В прошлый свой приход Пётр Иванович заметил, что через ряд, тоже у стены, появилась новая могила. По утрам в этом уголке кладбища тень, и бледно-голубая оградка из торчащих вверх тонких пик, памятник такой же окраски чётко рисовались на тёмном фоне зелени. Тогда, перед уходом, Жаров поинтересовался «соседкой». Покойница и вправду оказалась женщиной. Совсем молодая, в гимнастёрке с лейтенантскими погонами, из-под пилотки – чубчик кудряшек, красивая.

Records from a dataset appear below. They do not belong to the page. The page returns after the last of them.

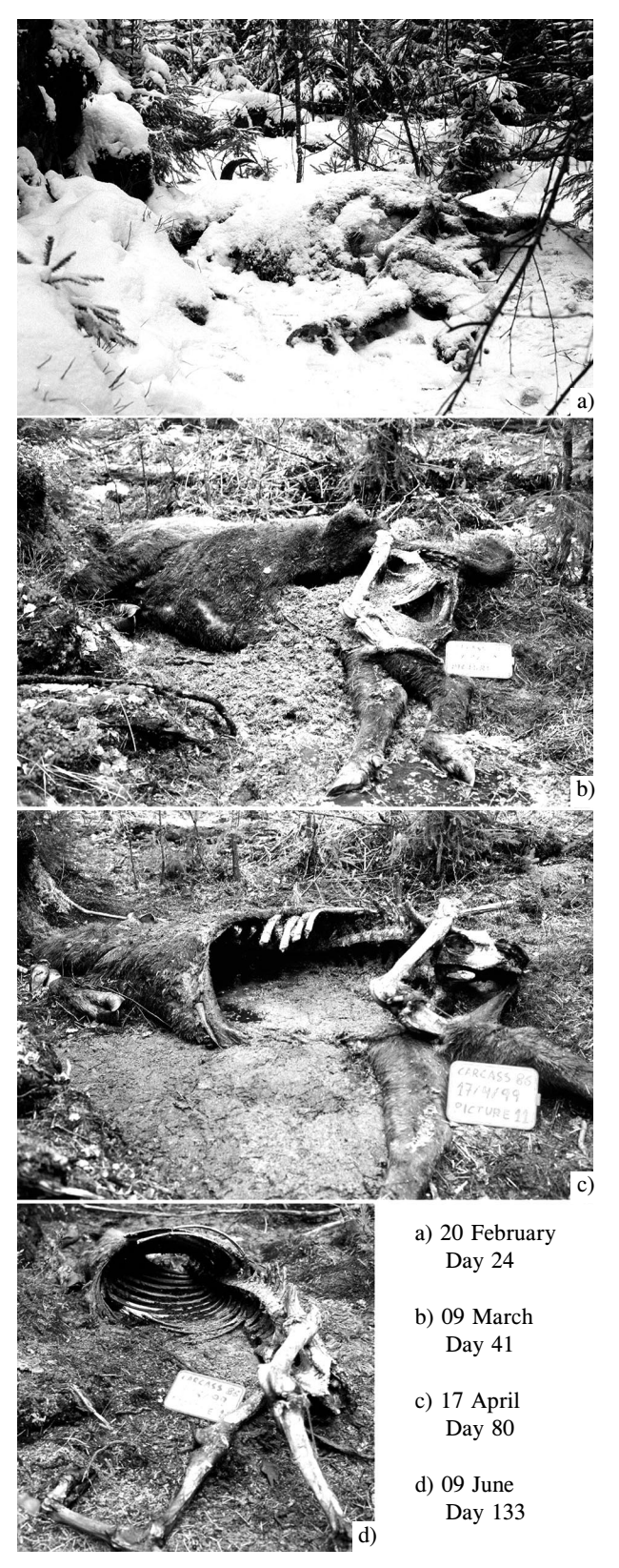
FIGURE 1. Depletion process by scavengers of carcass number 8 during 5 months. This adult bison died in the forest around 27 January 1999. Wolves opened it about 3 weeks later at the upper hind leg and back part. Scavengers first consumed the carcass from inside and later fed on the parts exposed by wolves. In the last stages, the carcass was dragged by wolves and also consumed by invertebrates. Day=days elapsed since bison death.

Once the wolves discovered a bison carcass, they visited it repeatedly, although they did not always feed on it (64% of wolf visits to bison carcasses finished in feeding bouts). On average, wolves visited the same bison carcass 6.6 \pm 4.0 times, and the average interval between consecutive wolf visits to a carcass was 11.6 \pm 13.9 days (mean \pm SD). Foxes, raccoon dogs, ravens, and buzzards were more often recorded during monitoring visits in which wolf feeding occurred. The differences were significant for fox (G-test, G=7.69, df=1, p < 0.01) and raccoon
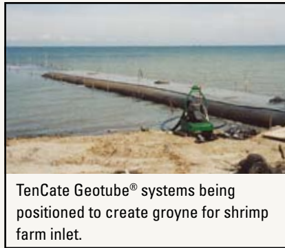
TenCate Geotube® systems being positioned to create groyne for shrimp farm inlet.

Because TenCate Geotube® systems can be custom sized, groyne applications can be designed for optimum performance. TenCate Geotube® systems can be filled with sand from the area when allowed, simplifying the construction process. If regulations require fill material to come from another location, the units can still be filled less expensively than other construction methods.
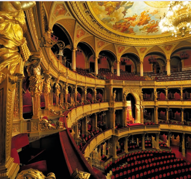
HUNGARIAN STATE OPERA HOUSE
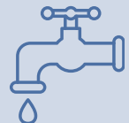
Water & Sewer
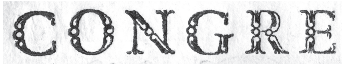
Ornated capitals that inspired Dejanire Jewel [Barcelona, 1800].
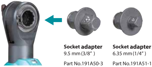
Socket adapter 9.5 mm (3/8") Part No.191A50-3
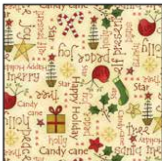
Words Print - Cream 2301-33
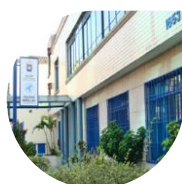
Santana Campus Sao Paulo
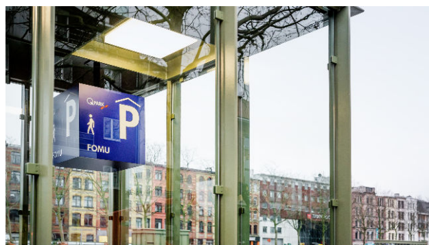
Figure 12: Glass features

This helps customers plan their journey in advance. When people know where they will park, they programme their in-car navigation accordingly. This enhances road safety as motorists are not distracted while searching for a place to park in an unfamiliar city.
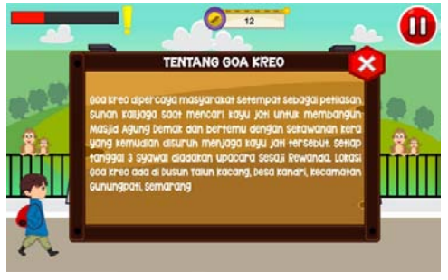
Figure 4.11 Display of attractions "DORANG (Dolan Semarang)" game information
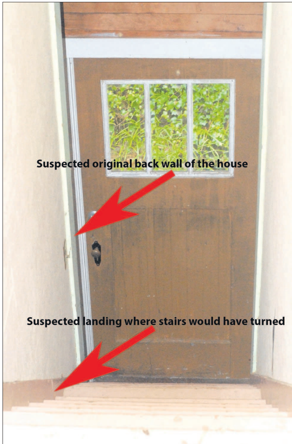
The back door and the marks where the hidden door might be.
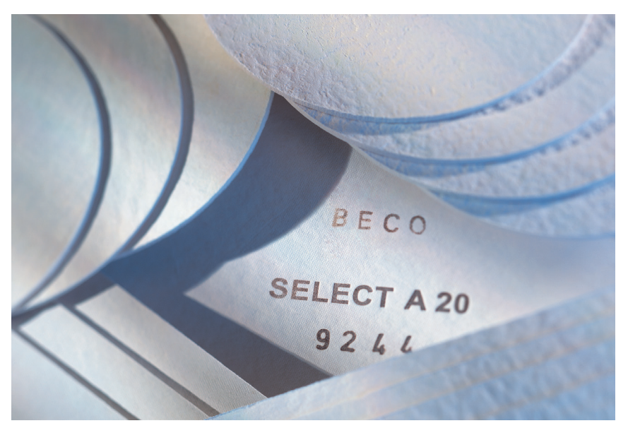
The "Beco Select A" reduced-ion depth filter sheets preserve the high-quality ingredients used in whisky and other spirits. They ensure that the product retains its original color and prevent the filtration process from affecting the quality of taste in the product

suppression device, which ensures the highest level of safety thanks to its robust components," Henger adds. "The customer has expressed their high satisfaction in the form of both referrals and follow-up orders: the customer is using Beco Compact Plate A600 plate and frame filters and reduced-ion "Beco Select A" depth filter sheets in an ever-increasing number of its locations."
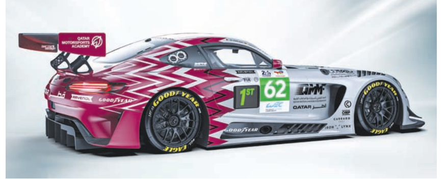
Team Qatar is set to compete in the LMGT3 category aboard the Mercedes-AMG Motorsport LMGT3 at 24 Hours of Le Mans.
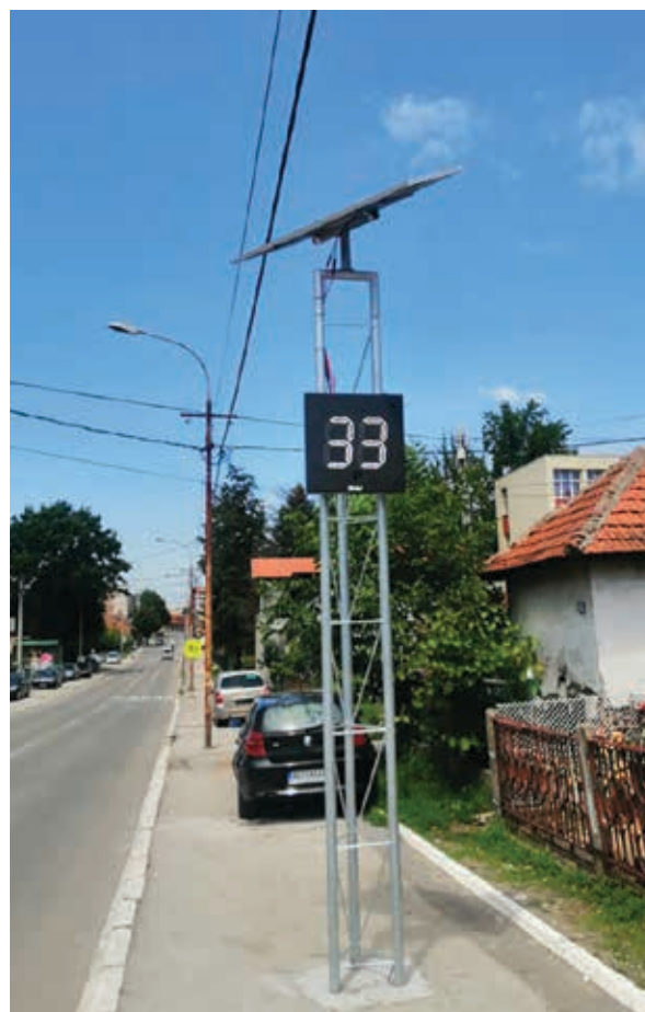
Speedometer in Mladenovac
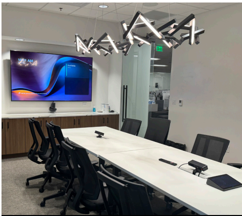
12-Person Conference Room
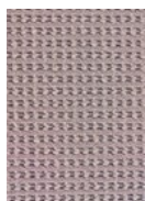
712 Grey Light
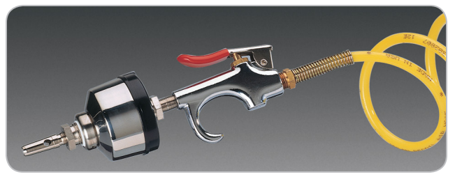
Optional gun/hose kit (p/n 91-6150).
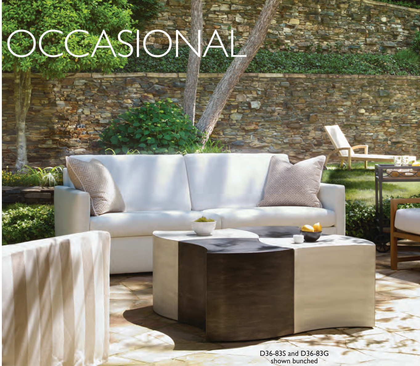
D36-83S and D36-83G shown bunched
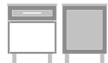
TENS10 21W 19D 25H
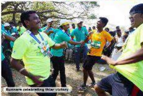
Runners celebrating their victory

• Charity Donor – Choose the amount to contribute towards charity (Rs.100, Rs. 250, Rs. 500, Rs.1000) and pay for it along with the Race Registration Charges
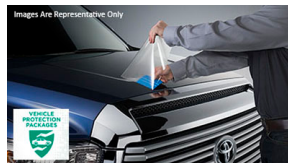
Vehicle Protection Premium Package $ 499
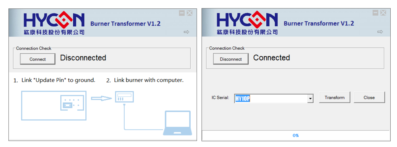
Fig. 5-2 Fig. 5-3

Connect the HY10000-WK08C integrated Writer through the USB cable to the computer (at this time Writer LED lights are all off), run "Burner Transformer.exe" to open the application, the interface as shown below, click the button "Connect".
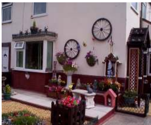
A winning residential garden on Weeton Rd

In addition to the traditional type of gardens, the local judges were impressed by the number of residents who used imaginative ways of providing pleasing appearances to their gardens. An example of which is shown below.
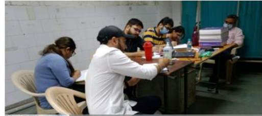
Ghaziabad Uttar Pradesh India 2021-03-30(Tue) 10:24(am)
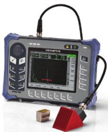
Ultrasonic Flaw Detector Model: Epoch 600 Brand: Olympus (Evident) Country of Origin: USA
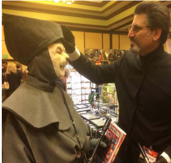
The Master checks the hood of a Novice Hame.

Costuming is always better when you're not flying solo. Here, a Novice Hame (below) is having the hood of her costume checked by her Master costuming buddy in the dealer's room.

– Жить бы да жить тебе. – вслух пожалел её Пётр Иванович. Он глянул на даты под фотографией и удивился. Оказалось, что она всего на шесть лет моложе его. Как покойница жена. «С войны фото.» – догадался он и опять вслух проговорил:
– Всё равно жаль!
В этот раз он пришёл рано, по холодку, ещё не было шести. У новой оградки, вцепившись обеими руками в тонкие пички, стоял мужчина. Жаров видел его со спины. Длинный светлый плащ, тёмная полоса выбившегося шарфа и седая голова. Старый, одинокий и, наверное, больной, раз в жару в плаще, человек. Жарову захотелось посочувствовать ему. Горяча, свежа была и его боль и до сих пор хотелось чьего-либо участия. Что плохого в том, что старик пожалеет старика, человек человека?
Проходя специально мимо, он кашлянул, чтобы обратить на себя внимание. Мужчина шевельнулся. Пётр Иванович прижал руки к груди и сделал лёгкий поклон в его сторону. На мужчину он не смотрел, боясь увидеть в чужих глазах тоску и растерянность, от чего и сам ещё не избавился. Чуть постояв с опущенной головой и ещё раз поклонившись, он повернулся уходить, но резкий громкий стон остановил его. Жаров оглянулся. Зацепившись воротником за пичку, мужчина висел на ограде. Крепкая ткань плаща не дала ему опуститься на землю, и он завис со вздёрнутыми вверх от натяжения рукавами, как распятый. Застёгнутый ворот упёрся в подбородок, запрокинул потное, с открытым ртом, лицо. И Жаров узнал его:
– Капитан!
Тяжёлая усталость, как наброшенная сеть, мгновенно опутала его…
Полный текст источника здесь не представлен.